Kümmerer Netzwerk Kümmerer Netzwerk: Vortrag "Wandel in der Trauer- und Bestattungskultur"

Simone Kroll-Schilke ist die Projektleiterin des „Kümmerer Netzwerkes“.

Das "Kümmerer Netzwerk" lädt ein: Am Dienstag, 8. September, von 17 bis 19 Uhr, findet der Vortrag „Wandel in der Trauer- und Bestattungskultur“ im Multifunktionssaal im Amt Hohe Elbgeest in Dassendorf statt. Eine Anmeldung ist unbedingt erforderlich: Telefon 0176 / 79557561, E-Mail Kuemmerer@Kirche-LL.de .

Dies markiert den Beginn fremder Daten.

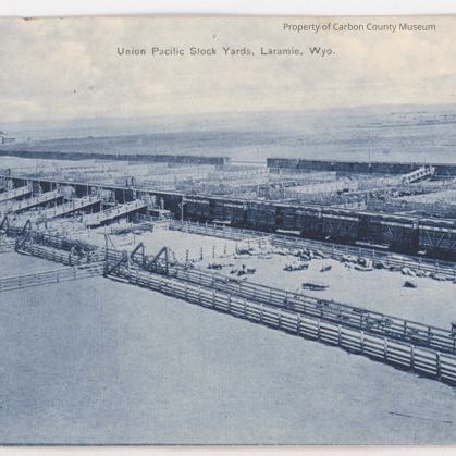 A postcard of the Union Pacific Stockyards, Laramie, WY. Grayish tone. Shows wide expanse of tracks. railroad cars, loading shutes fences and more.
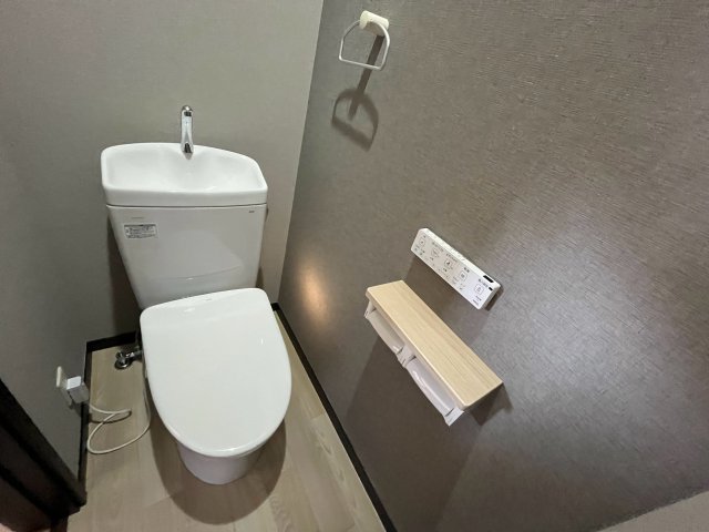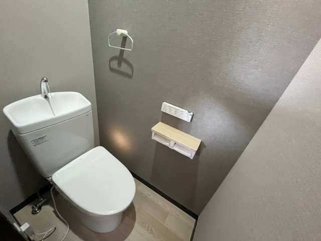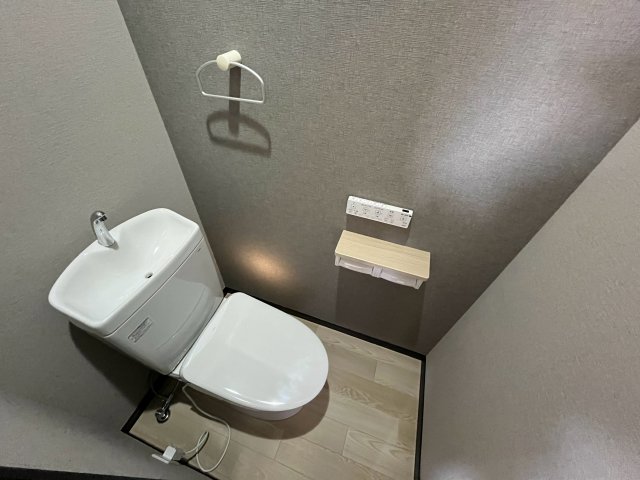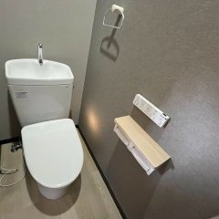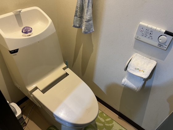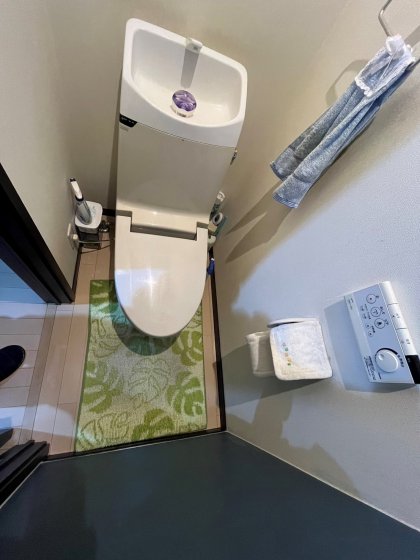 トイレの交換に合わせて、天壁クロス貼替と床のクッションフロアを施工しました。
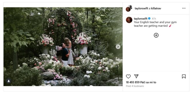 Speváčka Taylor Swiftová a hráč amerického futbalu Travis Kelce oznámili svoje zasnúbenie.Foto: www.instagram.com.
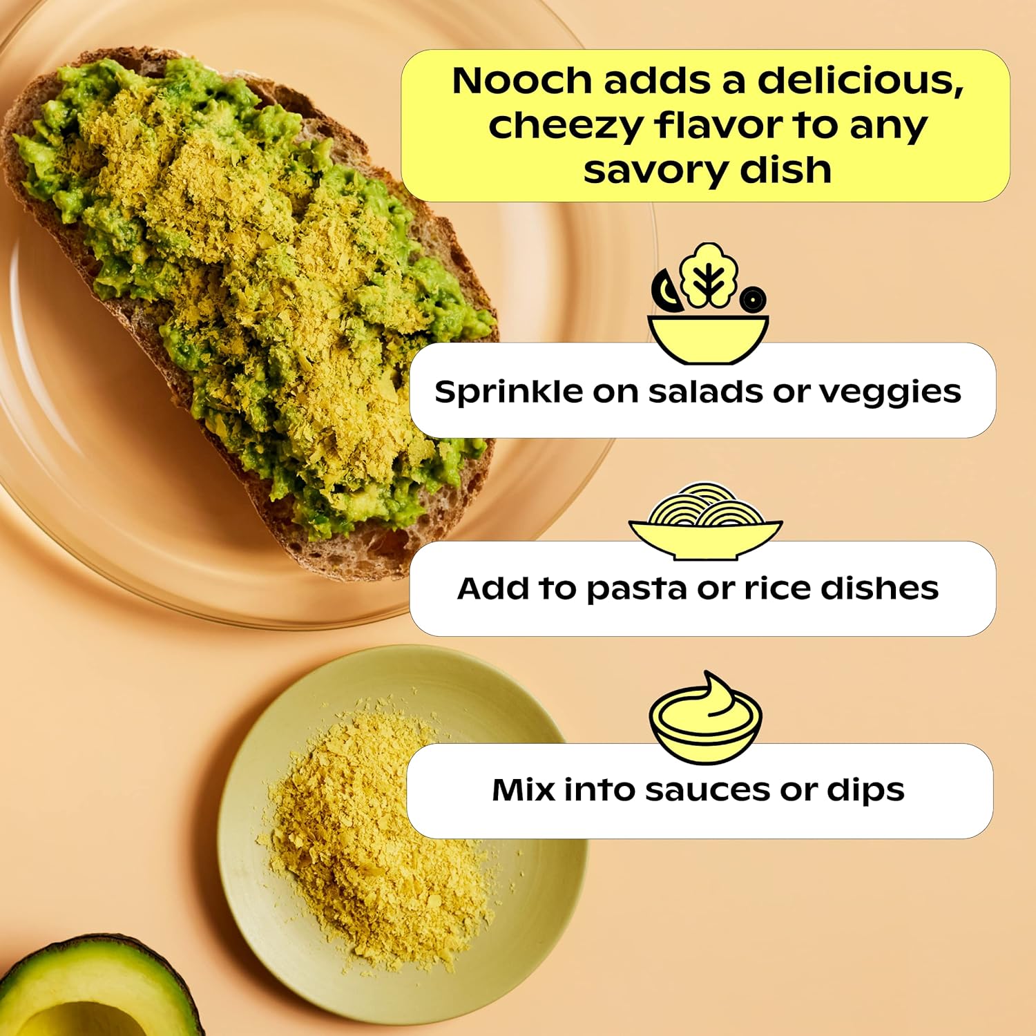 DAIRY-FREE, CHEEZY FUNCTIONAL SEASONING – The delicious cheesy flavor of nutritional yeast combined with powerful nutrients to support your overall health. You can use Nooch as a seasoning on any savory dish including salads, vegetables, dips, pastas and more. The flakes are vegan, gluten-free, candida-free and non-GMOPREBIOTICS + PROBIOTICS – The only nutritional yeast flakes to combine prebiotics and vegan probiotics to support your digestion, gut health and fight bloating. The delicious vegan cheese substitute combines organic prebiotic mushrooms and 1 Billion CFU of three powerful strains of probiotics (Lactobacillus rhamnosus, Lactobacillus helveticus, Saccharomyces boulardii)VEGAN VITAMIN D3, METHYLCOBALAMIN B12 + MORE – The only nutritional yeast to include the active form of vitamin D (vitamin D3) in vegan form. Our nutritional yeast flakes also use the active form of vitamin B12 (methylcobalamin). It’s also packed with naturally occurring B vitamins from the fermentation processSUPPORTS DIGESTION + ENERGY – The powerful combination of prebiotics and probiotics support your gut health, digestion and may offer bloating relief. The B vitamins help support energy levels, metabolism and skin healthDELICIOUS FLAVORS – Nooch comes in two delicious flavors including Natural, the traditional cheezy flavor, and Sweet Cayenne, a tangy and smoky BBQ blend

Nach fast dreimonatiger Corona-Zwangspause startet das Veranstaltungsprogramm langsam wieder. Ein Kontakt zwischen den Ehrenamtlern und den Hilfesuchenden fand trotzdem statt. Ausgetauscht wurde sich per Telefon, Einkäufe wurden kontaktlos vor die Türen der Senioren und Seniorinnen gestellt.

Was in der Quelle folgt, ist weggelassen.